Archie stares at his phone some more, then says, “You know what I said, about bad decisions?”

“Be fair to yourself,” Jughead says. “Your decisions don’t make sense, but that doesn’t automatically make them bad. I’m big on nonsense. Chaos is the only way we’ll bring down _the man_ .” He raises _rock-on_ devil horns at Archie, levering as much of a smirk as he can manage.

“I’m serious, Jug,” Archie says, but he’s laughing a little.

“So am I.”

There’s another silence. “I think they’re bad decisions,” Archie says. “Sometimes, at least. I can’t seem to stop doing the wrong thing.
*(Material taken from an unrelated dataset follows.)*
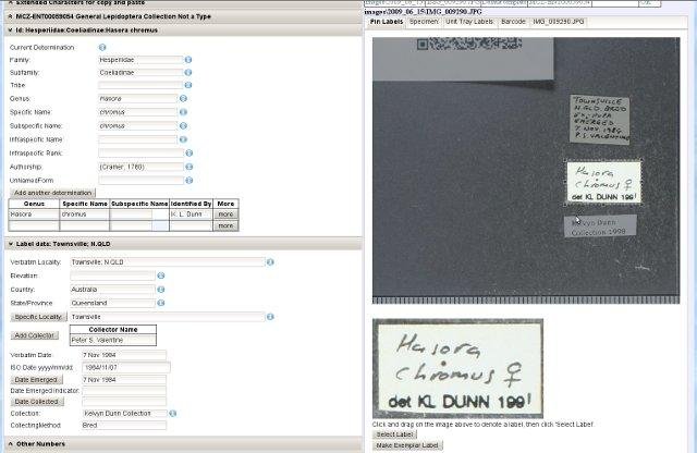 Applications to support the efficient capture of data from natural science collections specimens (particularly entomological collections), by facilitating pre-capture of data reflecting the storage structure of the collection, imaging of the specimens to separate data capture from specimen handling, and community sourcing transcription of hand written label data. Designed and written by a team at the Museum of Comparative Zoology. Includes a PreCapture barcode application refactored from this code base with support from the US National Science Foundation ADBC TCN for New England Vascular Plants NSF #1208835

And --”

Jughead waits.

“I can’t stop thinking about Jason,” Archie says, quieter, like a confession.

They’d had another conversation like this, Jughead remembers. In Pop’s, when they weren’t even friends. “About his legacy?”

“I dunno. I just feel this, like -- like there’s something hanging over our heads, waiting to drop. Like a _Looney Tunes_ thing. And this could be the most important time of our lives -- _everything_ could depend on what happens now -- and I keep fucking up.”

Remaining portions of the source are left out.